*** Opening PROVIDED MATERIAL ***

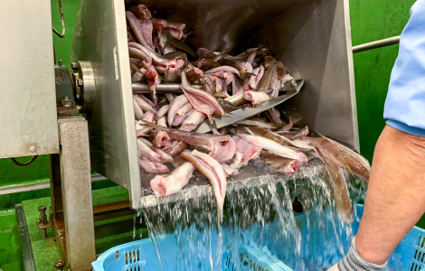 魚を洗ったあと魚肉採取機によって身と皮・骨を分けていき、その後、魚の身をさらしていきます。魚の身をさらすことによって、より一層魚の身が白くなります。しかし、さらし過ぎると魚の風味がなくなるため、細心の注意を払います。
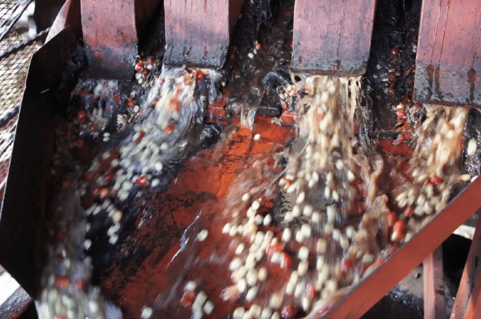 コーヒーは再び水路で選別され、密度の低い低品質のチェリーは浮かび上がり、除去されます。
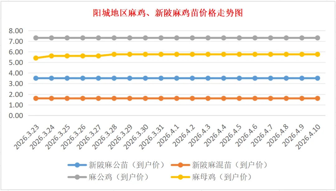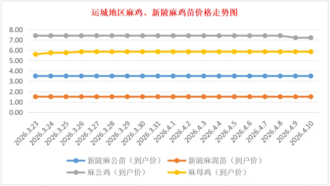 普通新陂麻:价格稳定,到户价公苗4.00元/羽,稳。
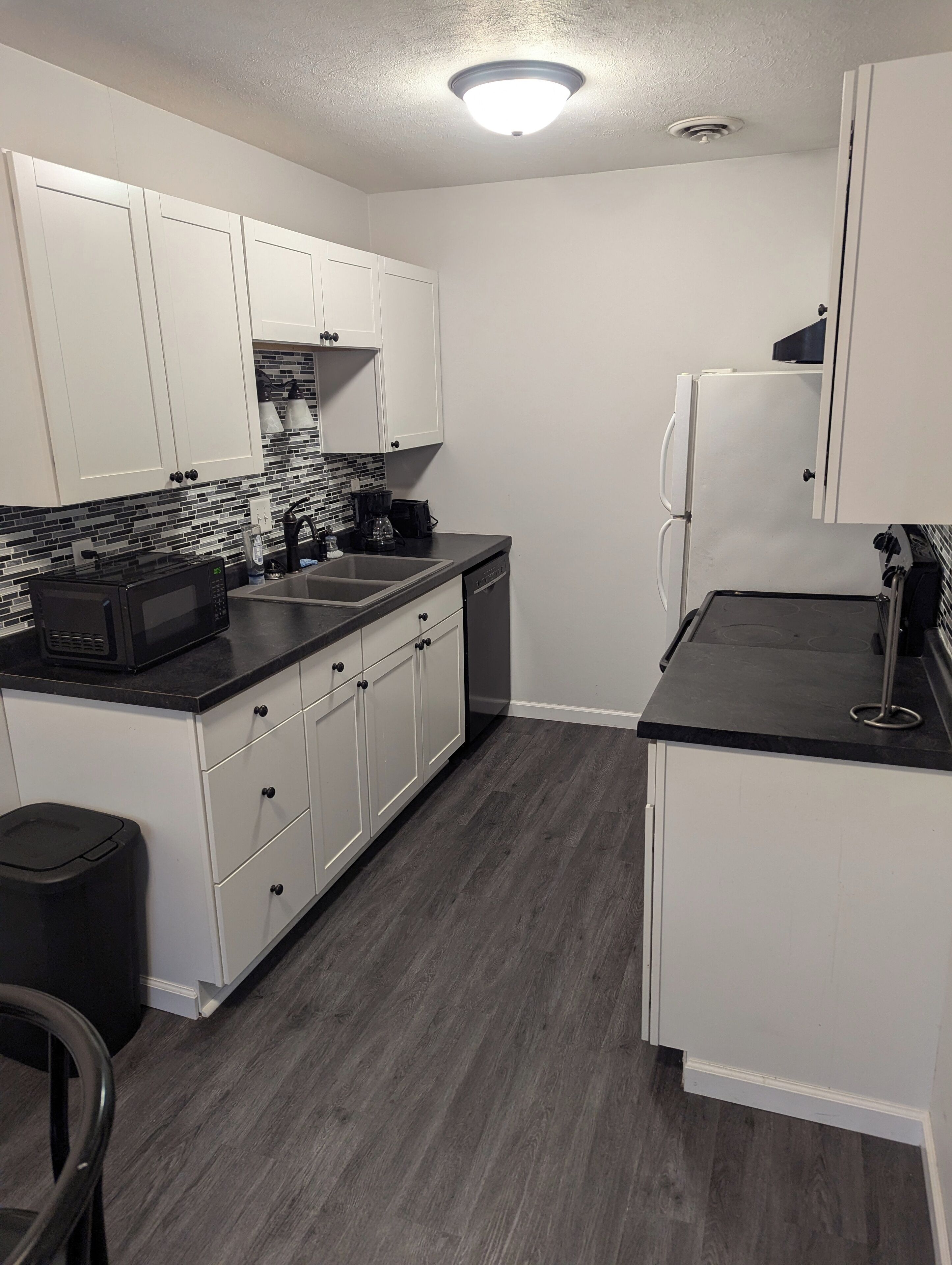 Cozy little upstairs apartment with 2 rooms, a full kitchen and a dedicated work station.

*** Closing PROVIDED MATERIAL ***

WHAT YOU NEED TO DO: Return every line above exactly, omitting images.

ANSWER AREA:
 魚を洗ったあと魚肉採取機によって身と皮・骨を分けていき、その後、魚の身をさらしていきます。魚の身をさらすことによって、より一層魚の身が白くなります。しかし、さらし過ぎると魚の風味がなくなるため、細心の注意を払います。
 コーヒーは再び水路で選別され、密度の低い低品質のチェリーは浮かび上がり、除去されます。
 普通新陂麻:价格稳定,到户价公苗4.00元/羽,稳。
 Cozy little upstairs apartment with 2 rooms, a full kitchen and a dedicated work station.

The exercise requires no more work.